In the lungs the concentration of oxygen is high and the concentration of both hydrogen and CO2 is low. In peripheral issues the opposite is true, oxygen is lower, while hydrogen and CO2 (bicarbonate) are higher.
Christian Bohr discovered that pH differences existed between the lungs and the peripheral tissues. The tissues were slightly more acidic (pH=7.2) when compared to the lungs (pH=7.6). To a lesser extent (< 10%) hemoglobin also has the ability to carry carbon dioxide, albeit at different sites. The Bohr effect enables the body to adapt to changing conditions and makes it possible to supply extra oxygen to tissues that need it the most. Think about marathon runner or think about your firefighter colleague inside a working structure fire. Tissue demands increase as do the formation of waste products.
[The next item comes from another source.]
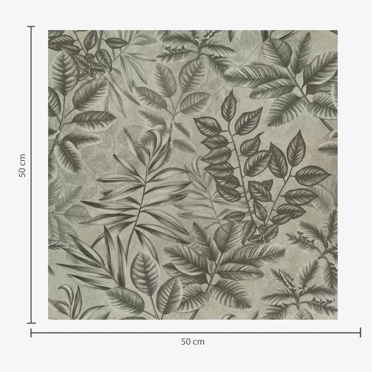 Tapetes Dažādu formu pelēkas tropu lapas uz vintage fona Nr. a00297

The waste products lower the pH of the blood, which increases oxygen delivery (offloading) to the active muscles.
The oxyhemoglobin curve is represented by two variables. On the x-axis (horizonal) we have the partial pressure of oxygen in mmHg. On the y-axis (vertical) we have the percentage of binding sites that are filled expressed as a percentage. In other words, how much hemoglobin is saturated or occupied by oxygen. Historically the independent variable is known as the manipulated variable and resides on the x-axis. The dependent or responding variable or what is actually being measured is located on the y-axis. The oxygen saturation value explicitly DEPENDS on how you alter or change the PO2 in a given environment.
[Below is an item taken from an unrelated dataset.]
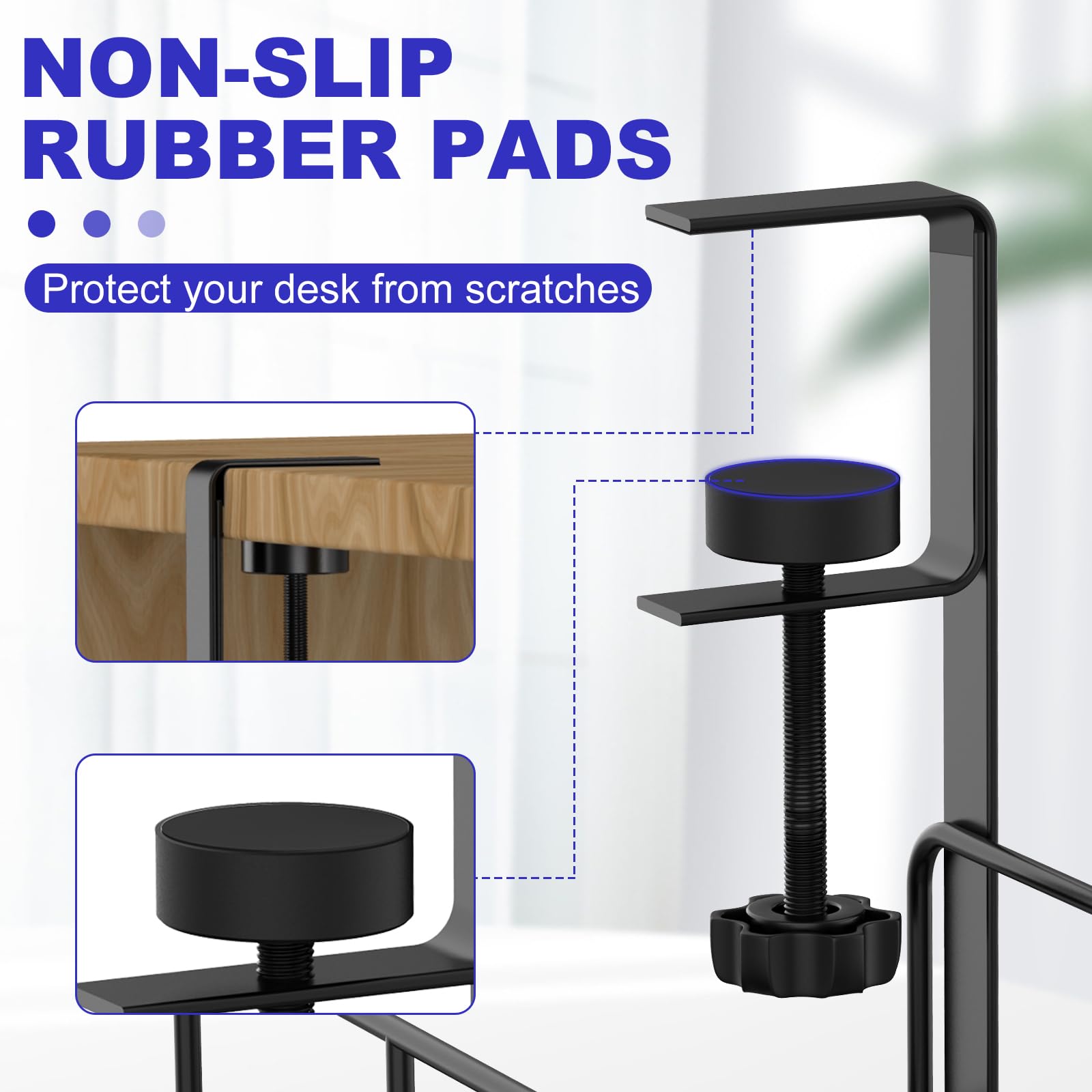 • SILICONE DESIGH & ADVANTAGES : Soft rubber pads on adjustable and removable clamps protect your desk or table from scratches. No Dust Accumulation, Anti-overheating, Flexible cable adjustment, Extra large capacity.

The curve is dynamic and not set in stone. Physiologic changes can make the above curve shift to the right or the left. I have always remembered this helpful mnemonic to keep things straight.
CADET - face right!! (Rightward shift means oxygen gets unloaded to the tissues and its affinity for hemoglobin subsequently decreases)
Increase in CO2
Acidosis (Decrease in pH)
DPG increase (common in anemia and other conditions)
Exercise
Increase is Temp
Logic tells us the curve will have a leftward shift (higher affinity of Hgb for oxygen) with the values above are switched as in alkalosis or when there is a decrease in temperature, as well as in cases of septic shock).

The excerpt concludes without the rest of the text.